2010 WAFU Nations Championship

Tournament details
- Host country: Nigeria
- Cities: Ijebu Ode and Abeokuta (Ogun State)
- Dates: 9–18 April 2010
- Teams: 8
- Venues: 2 (in 2 host cities)

Final positions
- Champions: Nigeria (1st title)
- Runners-up: Senegal
- Third place: Ghana
- Fourth place: Burkina Faso

Tournament statistics
- Matches played: 16
- Goals scored: 46 (2.88 per match)

= 2010 WAFU Nations Cup =

The 2010 WAFU Nations Cup was the first edition of the WAFU Nations Cup, an association football tournament organised by the West African Football Union.

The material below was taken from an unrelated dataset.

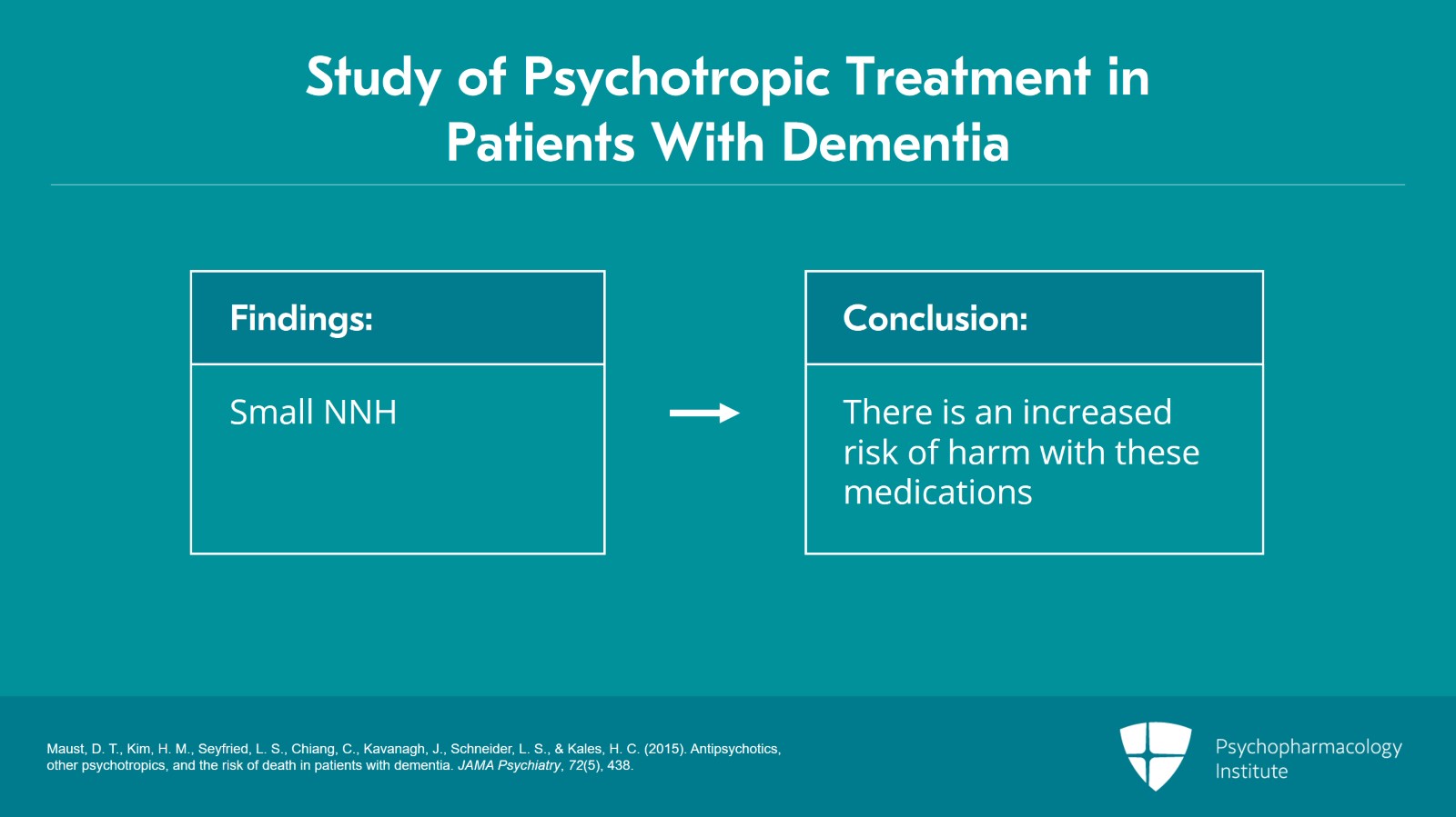 • Maust, D. T., Kim, H. M., Seyfried, L. S., Chiang, C., Kavanagh, J., Schneider, L. S., & Kales, H. C. (2015). Antipsychotics, other psychotropics, and the risk of death in patients with dementia. JAMA Psychiatry, 72(5), 438.

The tournament was also held in 2002, but that edition was cancelled due to the civil war in the host nation Ivory Coast. The 2010 edition was held in Nigeria and was competed by eight national football team selections using only players from local leagues. The event took place between 9 and 18 April 2010 and was sponsored by ECOWAS.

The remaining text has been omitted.